§ **Work order**: A word-for-word retyping of the listing below is required, with the pictures dropped.

══ Dataset records ══

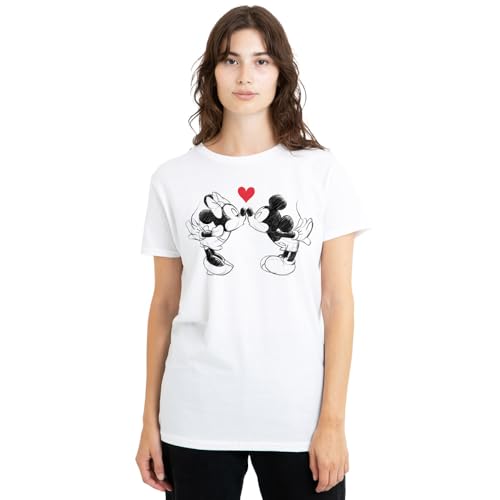 mandarin creative ltd Musse Pigg och Minnie Sketch Kiss Valentine's Day Ladies T-tröja, vit, vit, XXL dam, Vit, XXL
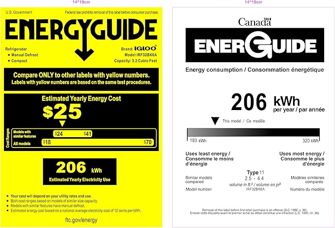 - Refrigerator Cooling Range: 32 – 50 degrees F
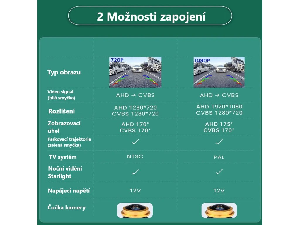 Pokud váš monitor nepodporuje video signál AHD, přestřihněte zelený vodič a změňte video signál na CVBS, znovu připojte všechny kabely (trajektorie kamery podporuje pouze video signál AHD)
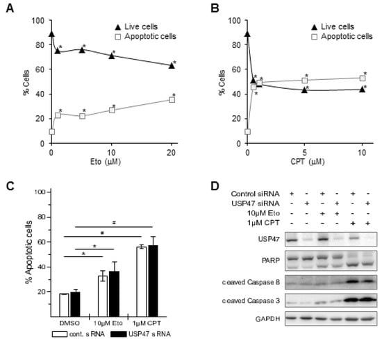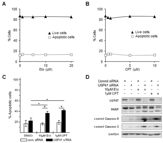 USP47 attenuates etoposide (Eto) or camptothecin (CPT)-induced apoptotic cell death in NCI-N87 cells. NCI-N87 cells were incubated with increasing concentrations of (A) Eto (1–20 μM) or (B) CPT (0.5–10 μM) for 24 h. Live (black triangles) and apoptotic cells (open squares) were counted by flow cytometry using Annexin V staining. Standard deviations are in the range of the marker size; (C) To analyze the effect of USP47 on cell survival, NCI-N87 cells were transfected with USP47 or control siRNA, treated for 24 h with 10 μM etoposide or 1 μM CPT and apoptotic cells were counted by flow cytometry using Annexin V staining. * p < 0.05, # p < 0.001; (D) Whole cell extracts of NCI-N87 cells treated as in (C) were subjected to immunoblotting and analyzed for apoptotic markers. Detection of GAPDH served as control for equal protein load.
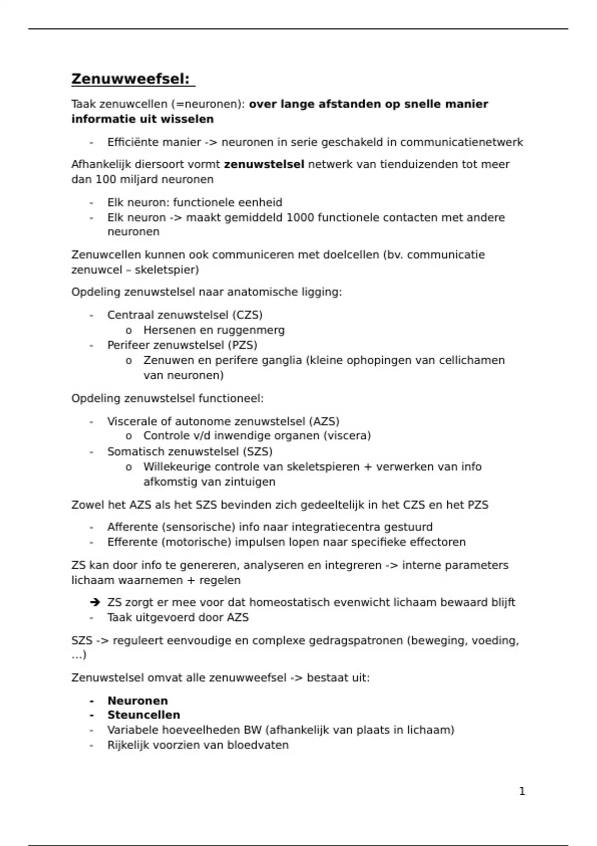 Zenuwstelsel omvat alle zenuwweefsel -> bestaat uit:
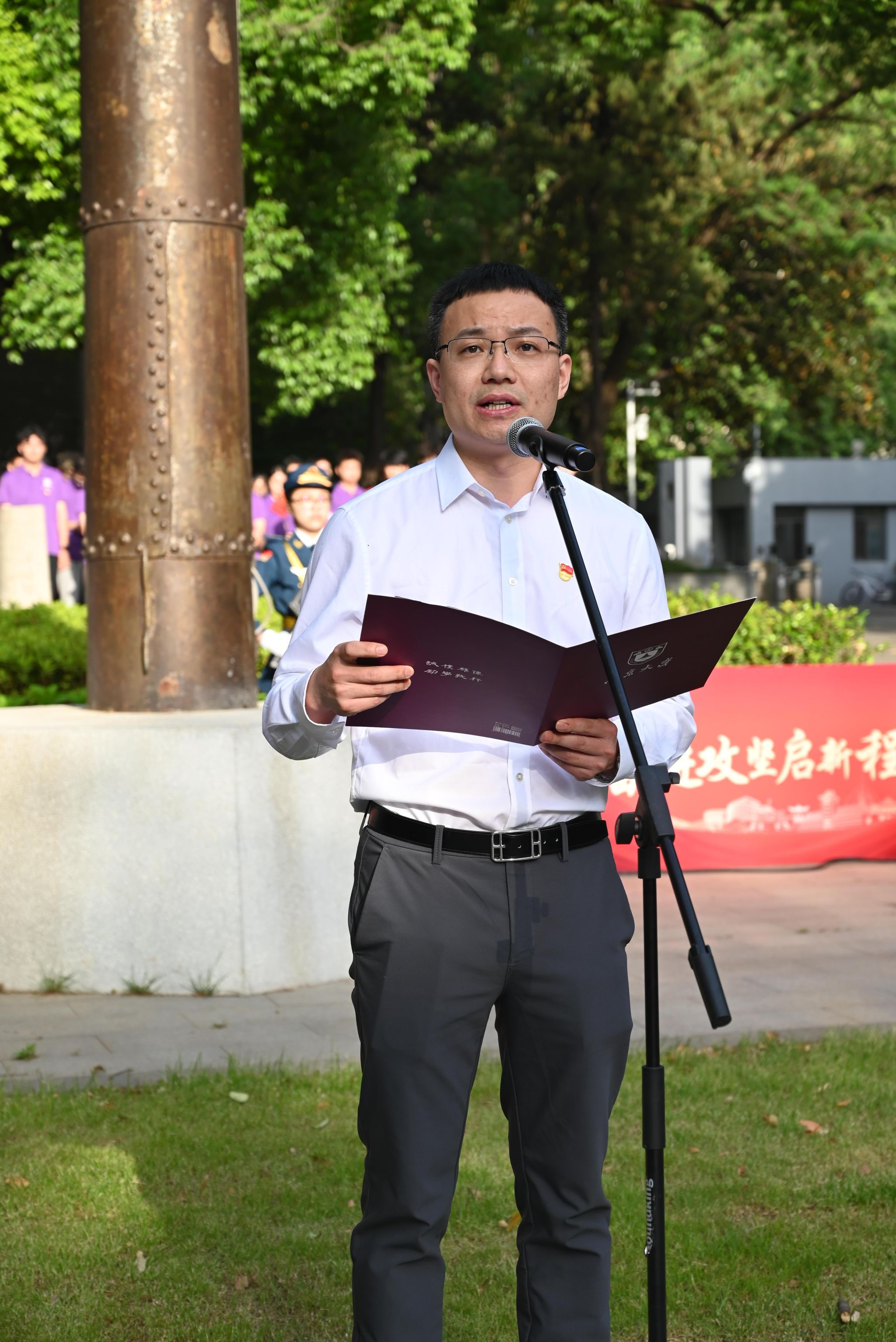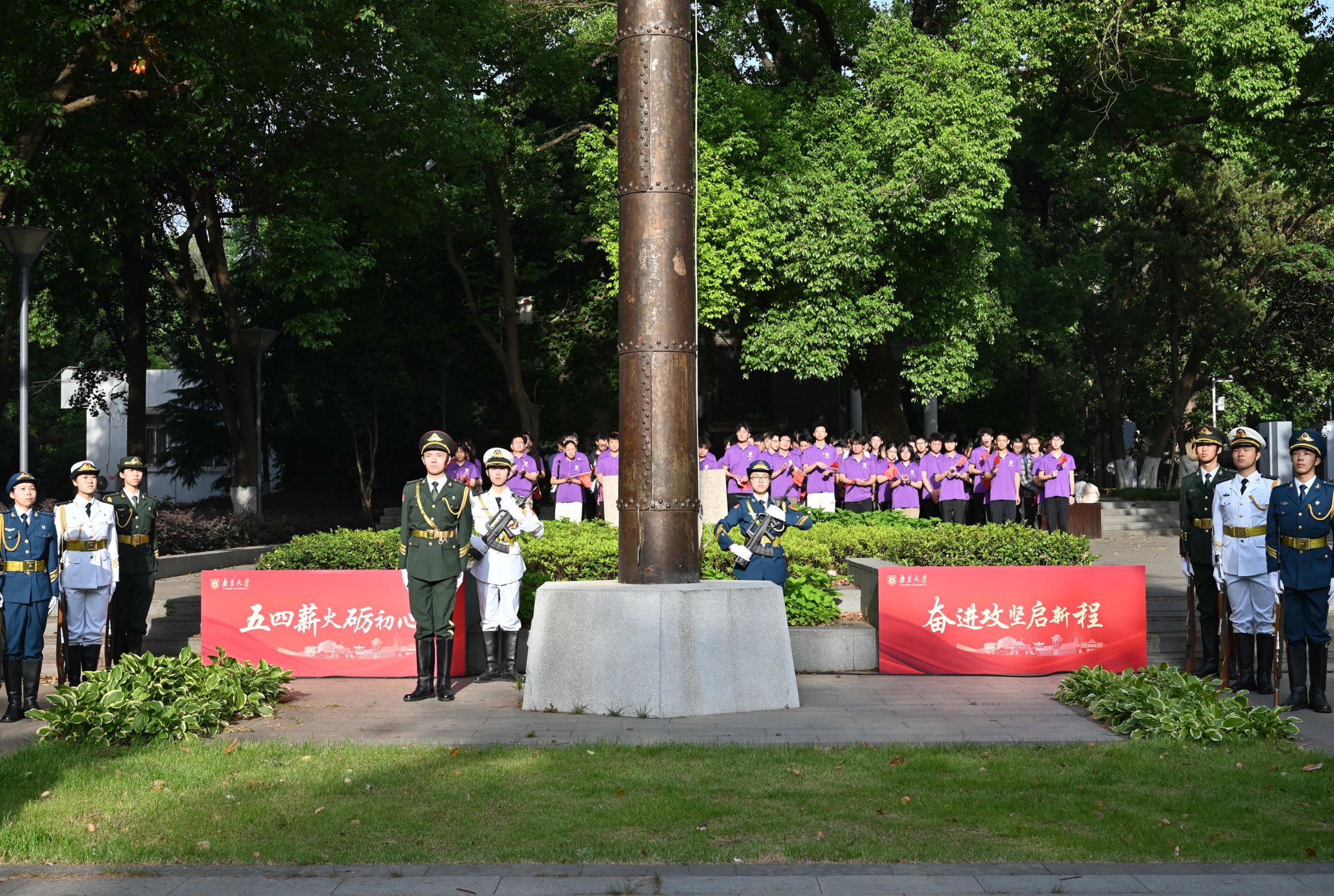 为大力弘扬五四精神,激励广大青年学子砥砺前行、勇攀高峰,5月7日,毓琇书院于鼓楼校区大纛坪国旗广场举行“五四薪火砺初心,奋进攻坚启新程”主题团日暨升旗仪式。第28届中国青年五四奖章获得者、现代工程与应用科学学院教授谭海仁,校党委学生工作部部长李浩,本科生院院长、新生学院执行院长王骏,新生学院党委书记、常务副院长施林淼,新生学院团委书记蒲婧翔,以及毓琇书院全体师生、党员代表参加升旗仪式。
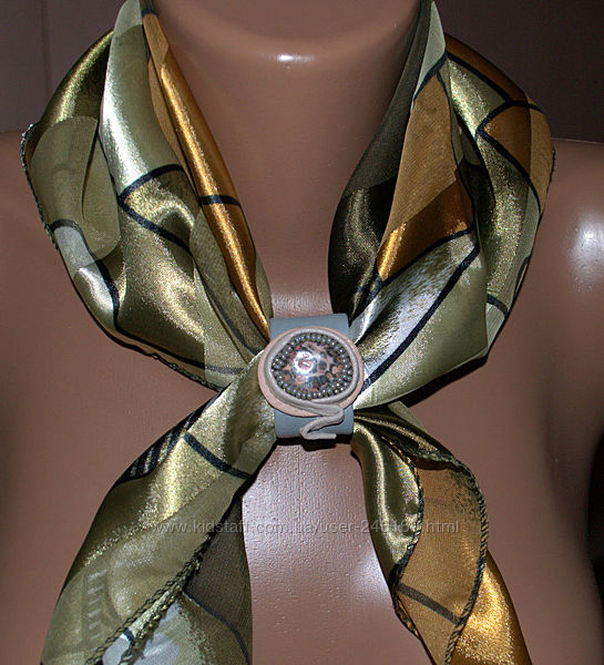 Это авторская работа,поэтому Вы можете быть уверенной,что не встретите точно такую же вещь на ком-то другом)) Помните о том, что украшения ручной работы нуждаются в бережном отношении и правильном хранении.Не нужно их бросать как украшения из металла.Хранить лучше в отдельной ячейке каждое,уложив его в комфортном положении.Необходимо беречь от воздействия химикатов и излишней влаги.Если Вы намочили украшение из кожи,то просушите при комнатной температуре вдали от источника тепла.Пыль и загрязнения удаляйте сухой косметической кистью или,при необходимости, слегка влажной ватной палочкой.при соблюдении этих несложных правил,украшение прослужит очень долго. Очень многие любят шарфы и платки,но не все часто их используют ежедневно,т.к. проблемно красиво и быстро завязать,да ещё и что бы не развевался на ветру и оставался на месте. И тут на помощь приходит кольцо для такого аксессуара: быстро вдеваются концы или средние части длинного шарфа и он надёжно и красиво закреплён!Кольцо сделано из натуральной кожи со вставкой натурального камня.Достойно и оригинально смотрится.
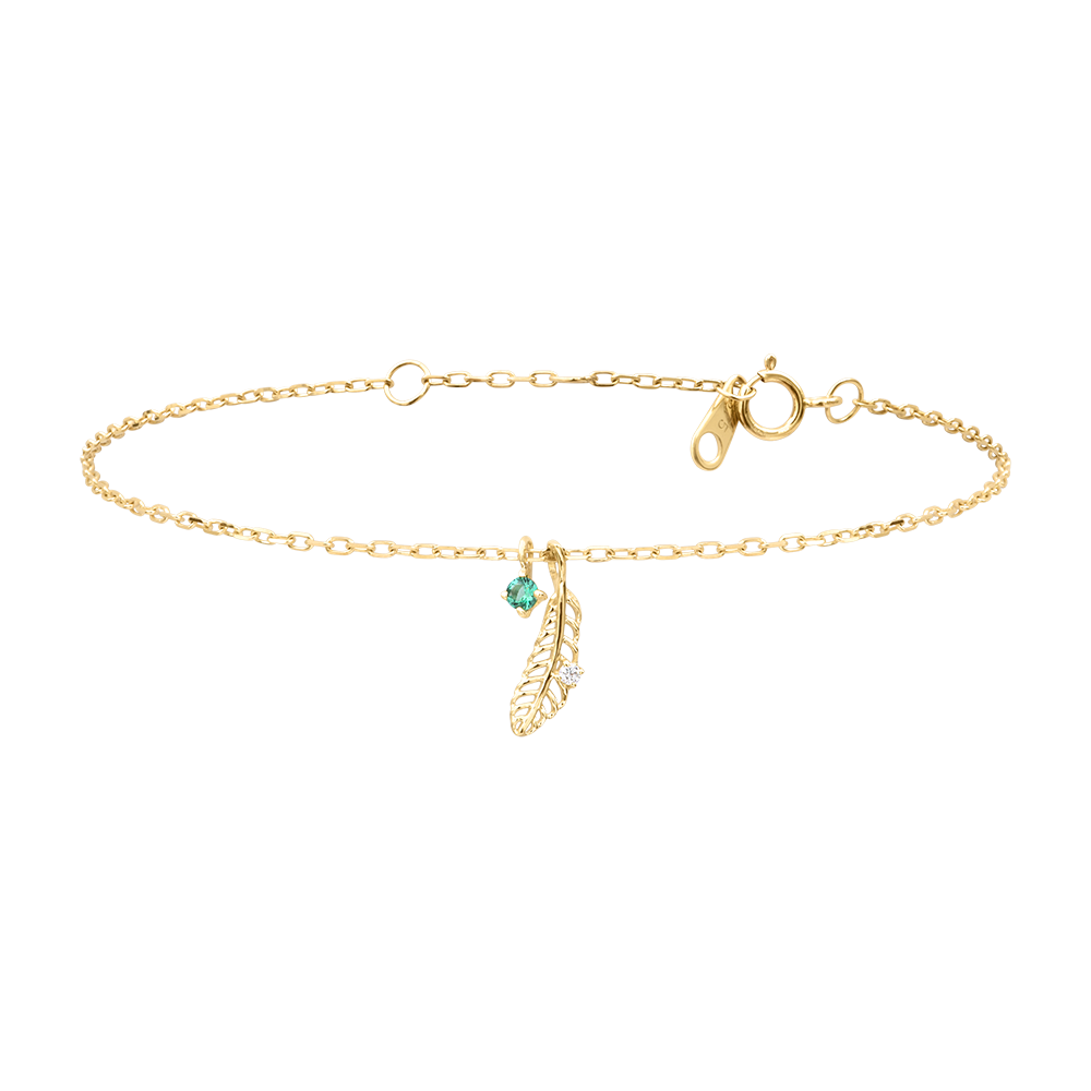 RAJSKI PTAK NR 4Bransoletka - Żółte złoto 375 - Syntetyczny szmaragd, Diament laboratoryjny ID : 3995
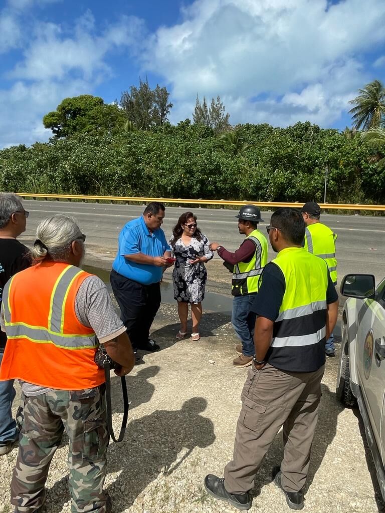 SENATOR Celina R. Babauta on Friday met with officials of the Department of Public Works- Technical Division Services and Commonwealth Utilities Corp. personnel on Middle Road in Tanapag to inspect a road hazard there.
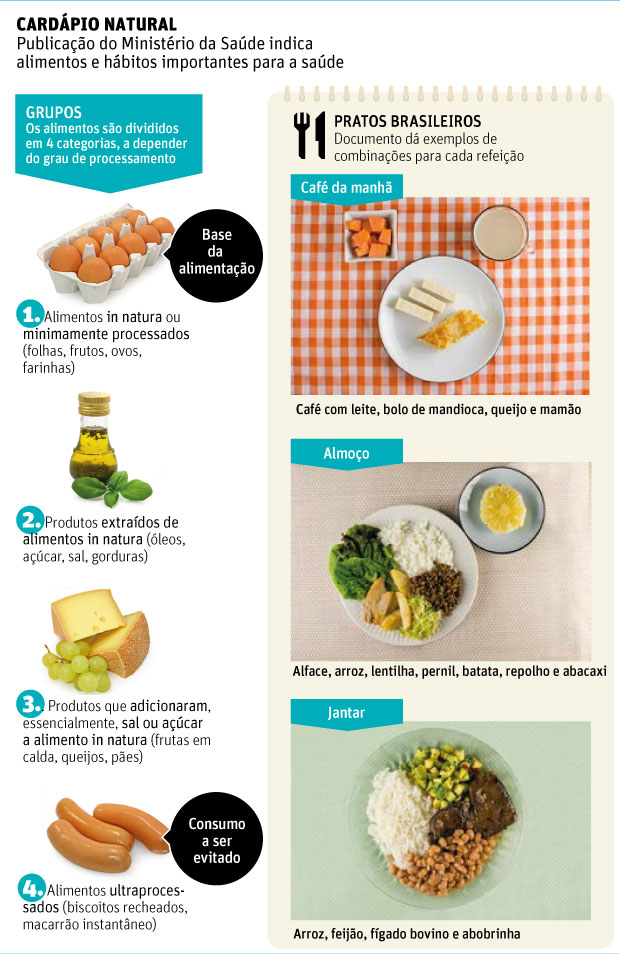 O documento prioriza o consumo de alimentos in natura ou minimamente processados, e atualiza recomendações do Ministério da Saúde sobre o que deve ser levado à mesa. O último guia havia sido elaborado em 2006.

═══

§ **Task result**:
 mandarin creative ltd Musse Pigg och Minnie Sketch Kiss Valentine's Day Ladies T-tröja, vit, vit, XXL dam, Vit, XXL
 - Refrigerator Cooling Range: 32 – 50 degrees F
 Pokud váš monitor nepodporuje video signál AHD, přestřihněte zelený vodič a změňte video signál na CVBS, znovu připojte všechny kabely (trajektorie kamery podporuje pouze video signál AHD)
 USP47 attenuates etoposide (Eto) or camptothecin (CPT)-induced apoptotic cell death in NCI-N87 cells. NCI-N87 cells were incubated with increasing concentrations of (A) Eto (1–20 μM) or (B) CPT (0.5–10 μM) for 24 h. Live (black triangles) and apoptotic cells (open squares) were counted by flow cytometry using Annexin V staining. Standard deviations are in the range of the marker size; (C) To analyze the effect of USP47 on cell survival, NCI-N87 cells were transfected with USP47 or control siRNA, treated for 24 h with 10 μM etoposide or 1 μM CPT and apoptotic cells were counted by flow cytometry using Annexin V staining. * p < 0.05, # p < 0.001; (D) Whole cell extracts of NCI-N87 cells treated as in (C) were subjected to immunoblotting and analyzed for apoptotic markers. Detection of GAPDH served as control for equal protein load.
 Zenuwstelsel omvat alle zenuwweefsel -> bestaat uit:
 为大力弘扬五四精神,激励广大青年学子砥砺前行、勇攀高峰,5月7日,毓琇书院于鼓楼校区大纛坪国旗广场举行“五四薪火砺初心,奋进攻坚启新程”主题团日暨升旗仪式。第28届中国青年五四奖章获得者、现代工程与应用科学学院教授谭海仁,校党委学生工作部部长李浩,本科生院院长、新生学院执行院长王骏,新生学院党委书记、常务副院长施林淼,新生学院团委书记蒲婧翔,以及毓琇书院全体师生、党员代表参加升旗仪式。
 Это авторская работа,поэтому Вы можете быть уверенной,что не встретите точно такую же вещь на ком-то другом)) Помните о том, что украшения ручной работы нуждаются в бережном отношении и правильном хранении.Не нужно их бросать как украшения из металла.Хранить лучше в отдельной ячейке каждое,уложив его в комфортном положении.Необходимо беречь от воздействия химикатов и излишней влаги.Если Вы намочили украшение из кожи,то просушите при комнатной температуре вдали от источника тепла.Пыль и загрязнения удаляйте сухой косметической кистью или,при необходимости, слегка влажной ватной палочкой.при соблюдении этих несложных правил,украшение прослужит очень долго. Очень многие любят шарфы и платки,но не все часто их используют ежедневно,т.к. проблемно красиво и быстро завязать,да ещё и что бы не развевался на ветру и оставался на месте. И тут на помощь приходит кольцо для такого аксессуара: быстро вдеваются концы или средние части длинного шарфа и он надёжно и красиво закреплён!Кольцо сделано из натуральной кожи со вставкой натурального камня.Достойно и оригинально смотрится.
 RAJSKI PTAK NR 4Bransoletka - Żółte złoto 375 - Syntetyczny szmaragd, Diament laboratoryjny ID : 3995
 SENATOR Celina R. Babauta on Friday met with officials of the Department of Public Works- Technical Division Services and Commonwealth Utilities Corp. personnel on Middle Road in Tanapag to inspect a road hazard there.
 O documento prioriza o consumo de alimentos in natura ou minimamente processados, e atualiza recomendações do Ministério da Saúde sobre o que deve ser levado à mesa. O último guia havia sido elaborado em 2006.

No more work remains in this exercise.